Versuchen wir es mit einem westlichen Vorzeige-Öko, einen Unternehmensberater, der mit seinem Freund oder seiner Freundin in einer Luxus-Eigentumswohnung in Hamburg lebt. Die Wohnung ist mit 100 Quadratmetern doppelt so groß wie das Häuschen der vierköpfigen Familie in Burkina Faso.
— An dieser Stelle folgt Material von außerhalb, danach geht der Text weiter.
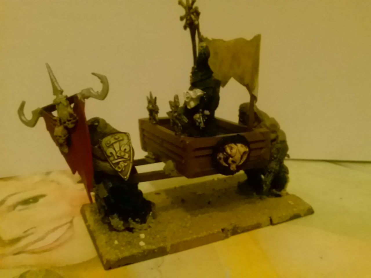 das Modell ist noch nicht ganz fertig, es fehlen noch ein Paar Ketten oder Schädel zum abrunden. Auf das Banner sollen noch Runen oder Text mal sehen wie ich das hin bekomme.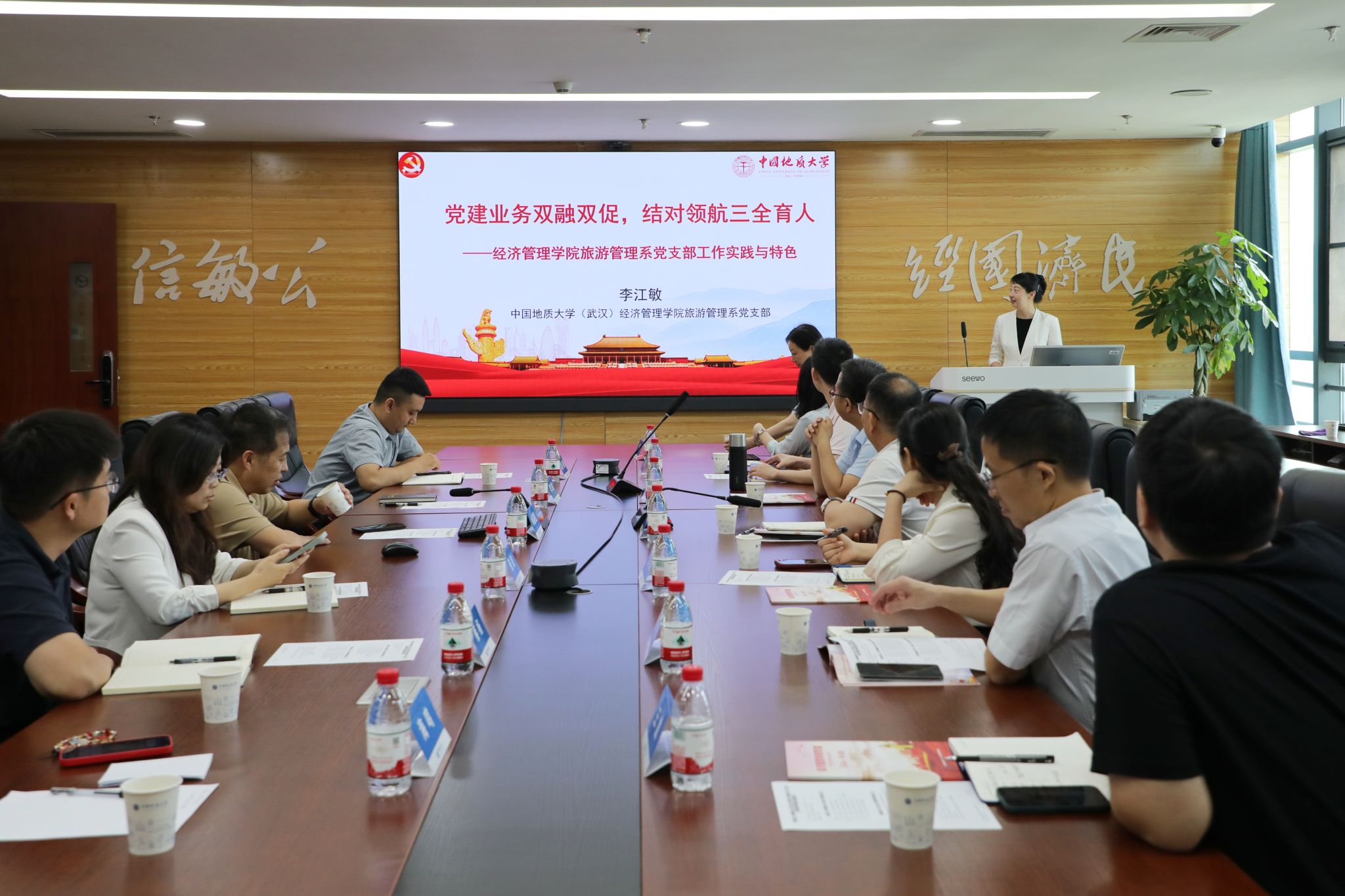随后,色色 旅游管理系党支部书记李江敏教授作《党建业务双融双促,结对领航三全育人——色色 旅游管理系党支部工作实践与特色》专题分享,结合党支部书记“强国行”实践经历,详细阐述了党支部在党建与业务融合、结对育人等方面的工作经验和特色做法。

Natürlich ist alles auf Energieeffizienz getrimmt. Man verwendet Ökostrom und produziert - da man ja ökologisch denkt – viel weniger Abfall als die Nachbarn. In Hamburg fährt das Paar meist mit dem Rad oder dem ÖPNV oder nutzt ein paarmal in der Woche einen der Carsharing-Autos vor der Tür. Nicht mehr als 1.000 Kilometer im Jahr - ein paar Ausflüge ans Meer oder an die Seen. Natürlich sind die Carsharing-Autos höchst effizient, meist elektrisch. Nach dem Theater; Kino oder Restaurant nutzen beide gerne das Ride-Sharing-Angebot Moia. Flix und bequem wie ein Taxi, aber preiswerter – und bringt beim Test noch Bonuspunkte als Nutzer von Fahrgemeinschaften. Da das Paar zentral an der Alster wohnt ist die ÖPNV-Nutzung sehr gering. Nach Global Footprint Network-Kalkulator liegt der Erdverbrauch der beiden am Ende bei nur 1,2 Erden.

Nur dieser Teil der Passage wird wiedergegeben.